The IRA’s electric vehicle credits are very concrete — actual money in people’s pockets to buy these cars.

Joe Biden, knowing how the real economy works, knew that we needed to put cash on the hood of the car. So we now have over 11,000 dealerships around the country who have opted in to the Treasury Department’s program so that when you go to the dealership, and you buy this American made vehicle, you will get that $7,500 [for a new car] or the $4,000 [for a used vehicle] right off the top.

You go to a place like Colorado, you can buy a new Chevy Bolt for $15,000 when you take the federal credit, and add on the credit that the local electric utility is putting forward and a state credit. That’s a game changer for middle- and lower- income Americans to be able to get from point A to point B without being forced to go to the pump.

Where else can consumers see the IRA in action?

We’re capitalizing the first-ever national network of green banks to finance the home improvements that folks can make that save them tons of money. So if you’re used to going to a community bank, or a credit union, we’re helping capitalize those entities to give folks loans, essentially at zero interest, to install more efficient windows or to go from a clunky HVAC unit to a heat pump. That’s below the radar. But it’s a really big deal.

Tell me about the Civilian Climate Corps — which seems like an interesting opportunity for young people to engage on the issue and get job training.

We’ll have 20,000 in the first class, with boots on the ground this summer and fall. So no background necessary, no experience necessary — in jobs, like solar installer roles in Philadelphia, the entry point that then ladders them into, hopefully, a career with the IBEW installing those panels, and having a middle class job. Roles like learning how to use LIDAR that allows you to see methane leaks in the Southwest; they’re recruiting to help people become part of the workforce that chases after super polluters. Or roles like mangrove restoration in Puerto Rico, bolstering our resilience to sea level rise. Or signing up with the corps to fight wildfire risk in Colorado, learning how to better manage the forest and maybe graduating into a role with the Forest Service itself.

Where does the administration’s progress put us on Biden’s target of cutting America’s peak climate emissions in half by 2030?

We’re now on a trajectory of north of 40 percent, some estimates at 45 to 47. Which means we’ve got a little bit of a gap to go relative to the incredibly ambitious goal the president set. But we will absolutely achieve it.

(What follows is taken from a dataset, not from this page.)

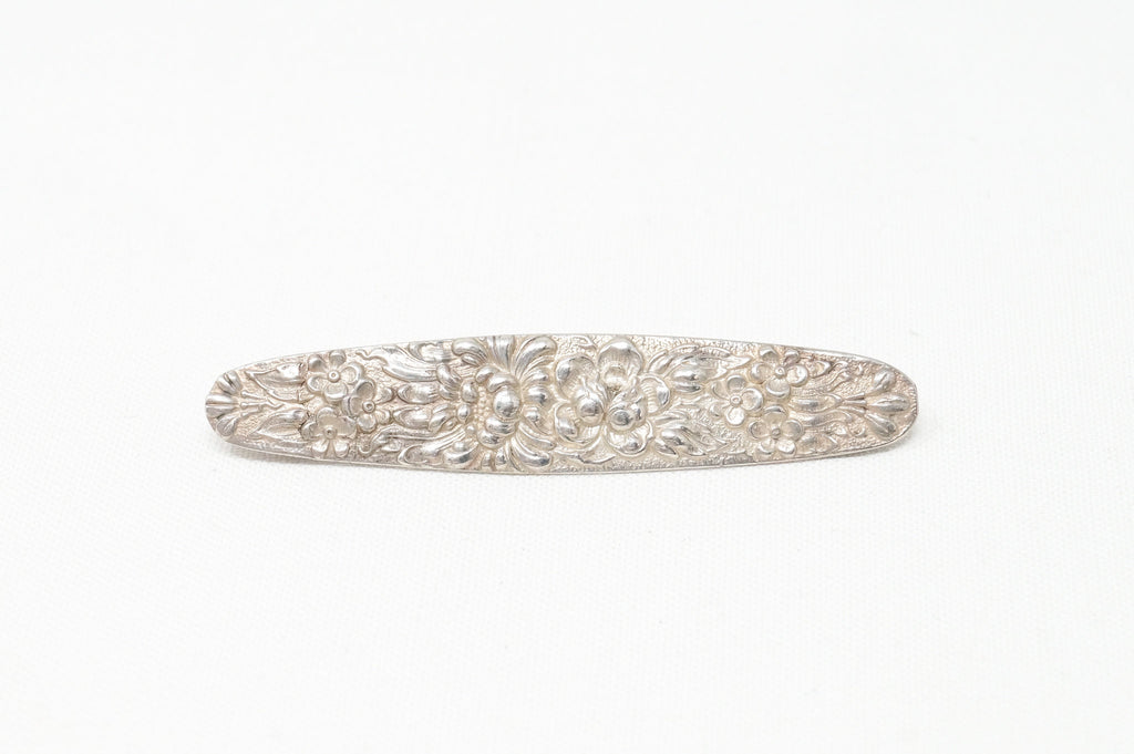 Antique Designer Stieff Art Nouveau Motif Floral Sterling Silver Brooch Pin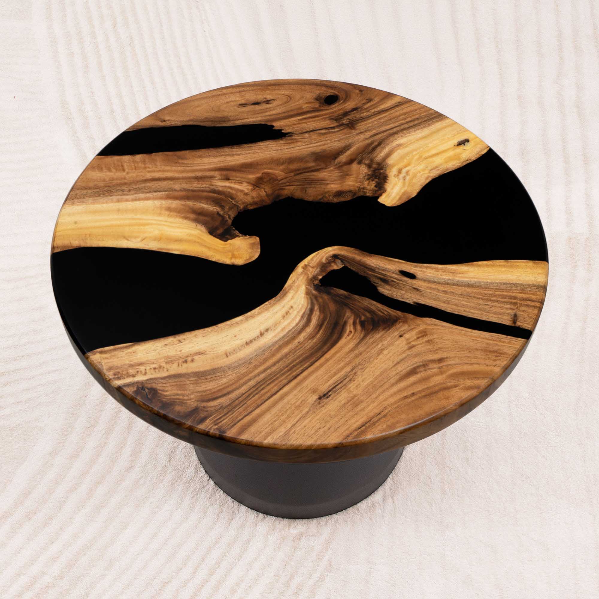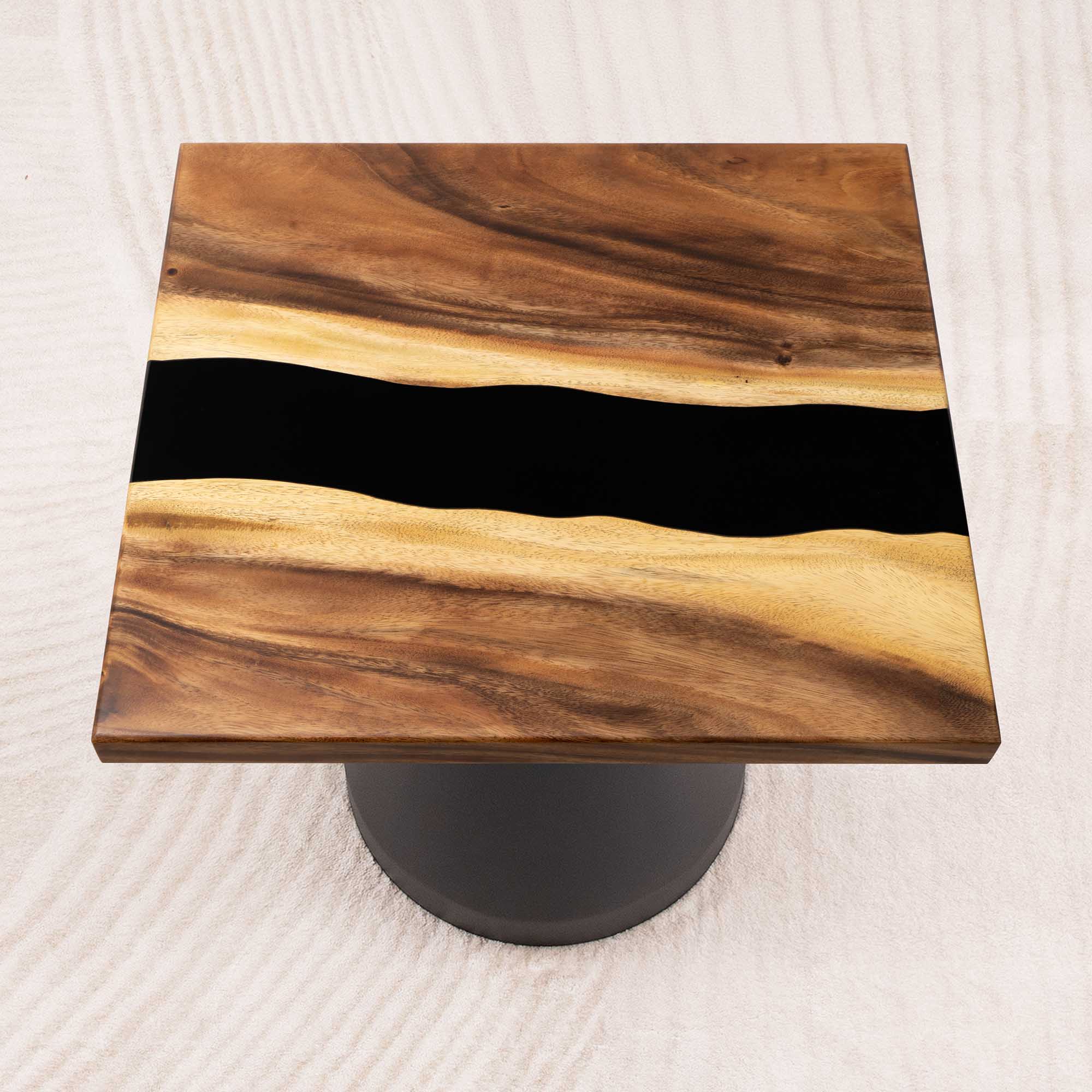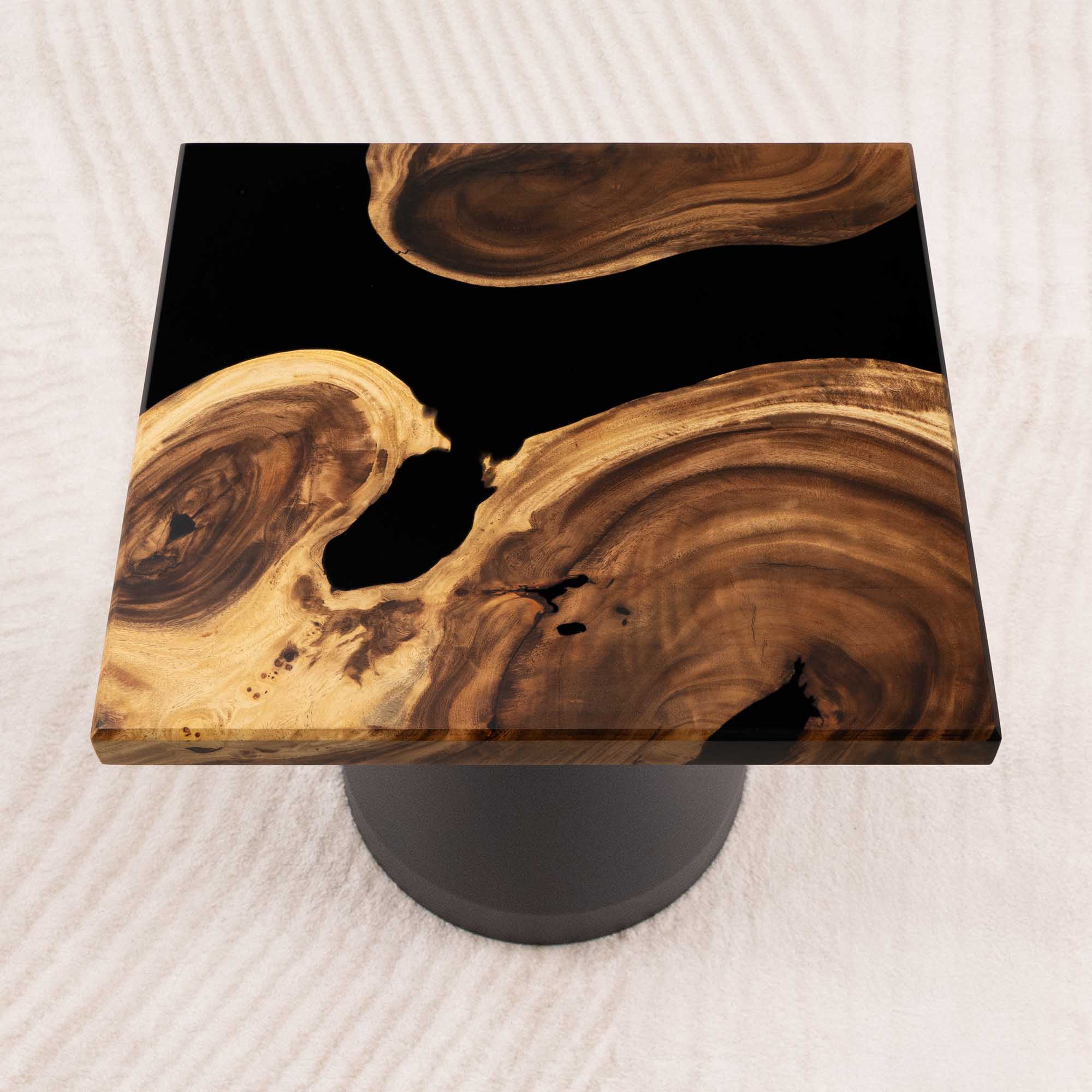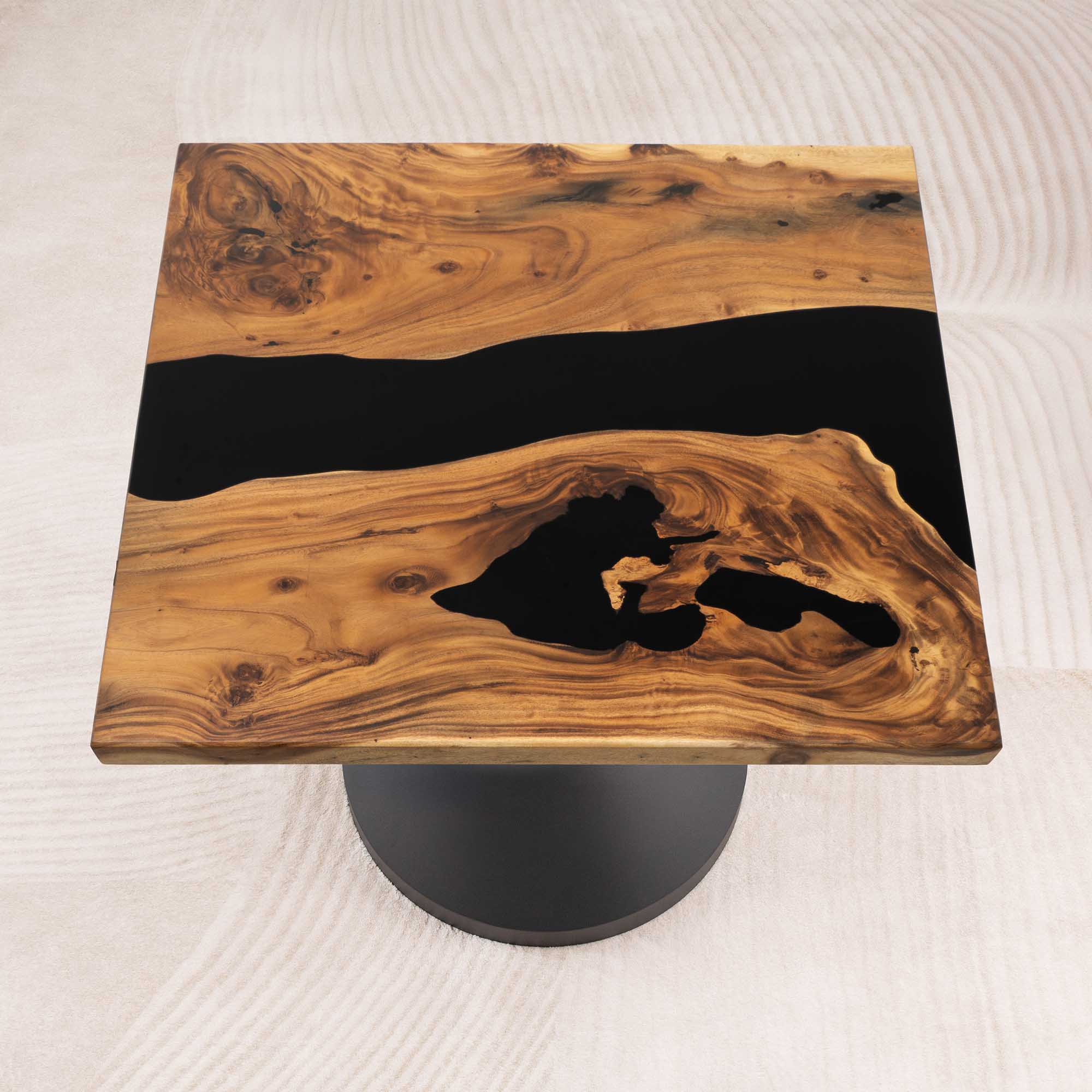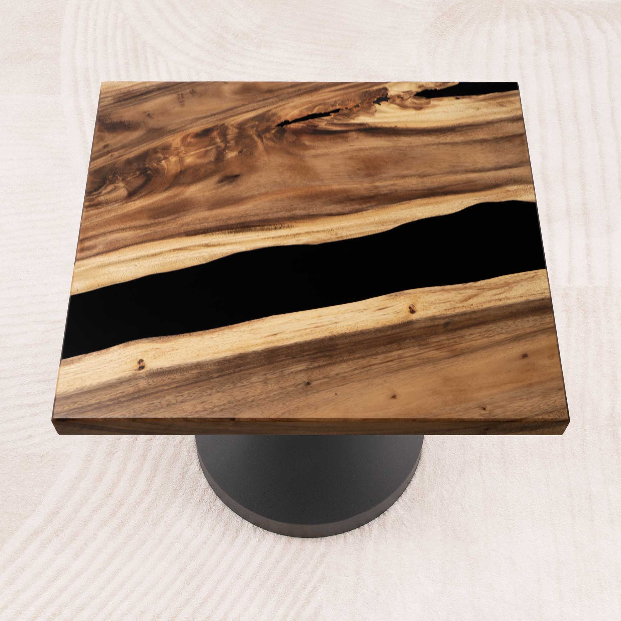 Whether you're browsing our collection of unique epoxy tables for a coffee table, dining table, or end table, our custom epoxy resin creations can meet all your needs. Each of our epoxy tables is a unique work of art, thanks to the natural variations in the selected wood pieces. These epoxy resin tables can be made in various dimensions to match your space and are supported by a high-quality metal base, ensuring superior stability for years.

Does that success depend on a second term?

The pace of our decarbonisation and our ability to lead the clean energy future as the United States of America — that is in an incredibly fragile inflection point. The only way we do that is if we sustain policy focus. We’ve gone head-to-head with House MAGA Republicans on this topic for the last year. And their prescription is to rollback the Inflation Reduction Act, to claw back money from the infrastructure law, to hamper our regulatory agencies from taking action to reduce pollution and improve competitiveness. If we were to go down that path, versus the one that the president continues to drive us on, the delta on emissions is not marginal — it’s the size of the emissions from Europe and Japan. That’s the external analysis.

So leadership matters. And how we come out on the other side will depend on the choices we make as a country.